Surgical transplants may be attempted. The following methods may be tried for small, stable areas of vitiligo.
- Punch grafts: Punch biopsy specimens from a pigmented donor site are transplanted into depigmented sites, however, a residual, pebbled pigmentary pattern may result.
- Minigrafting: Small donor grafts are inserted into incisional recipient areas of vitiligo and held in place with pressure dressings. As with punch grafting, this procedure does not result in total return of normal pigment, and a mottled pigmentation may result.
Special cosmetic makeup that is formulated to match the patient’s normal skin color (e.g., Dermablend or Covermark) or self-tanning compounds that contain dihydroxyacetone may effectively hide the white patches.
Sunscreens can be used to avoid exacerbating the contrast between normal skin and lesions and to protect the lesions, which are sensitive to the sun.
If attempts at repigmentation do not produce satisfactory results, depigmentation may be attempted in selected patients. Those with extensive vitiligo (more than 50% loss of pigment) may elect to have the remaining skin “bleached” with Benoquin (20% monobenzyl ether of hydroquinone). The results are permanent (Fig. 14.6).

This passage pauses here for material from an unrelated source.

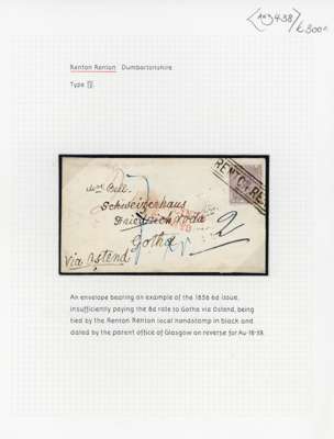 1858 (AU 18) cover to Gotha, Germany, via Ostend, franked by 1857 6d lilac, tied by a very fine strike of the type IV "Renton Renton" Scots local, and with red ‘insufficiently/stamped’ instructional mark and endorsed with a m/s ‘2’ charge mark, backstamped by six markings including ‘Aus England Per Aachen’ cds for 20 8. The adhesive with the upper perfs trimmed, still a rare use. SG 68.

14.6 Vitiligo. Extensive depigmentation. The residual normal pigmentation was treated with Benoquin.

Points to Remember

Health care professionals should resist the tendency to trivialize vitiligo by referring to it as simply a cosmetic disorder.
Patients should be urged to use sunscreens whenever they are exposed to the sun. By minimizing tanning, sunscreens lessen the contrast between healthy skin and lesions; they also protect the vitiliginous skin, which is sensitive to the sun.
If indicated by positive findings in the patient’s history or physical examination, screening of vitiligo patients for autoimmune diseases should be done; however, the frequency of these associations is not sufficiently high to warrant routine blood tests.
Response rates to treatments for vitiligo often are disappointing, and lesions on the backs of the hands and feet are very resistant to therapy.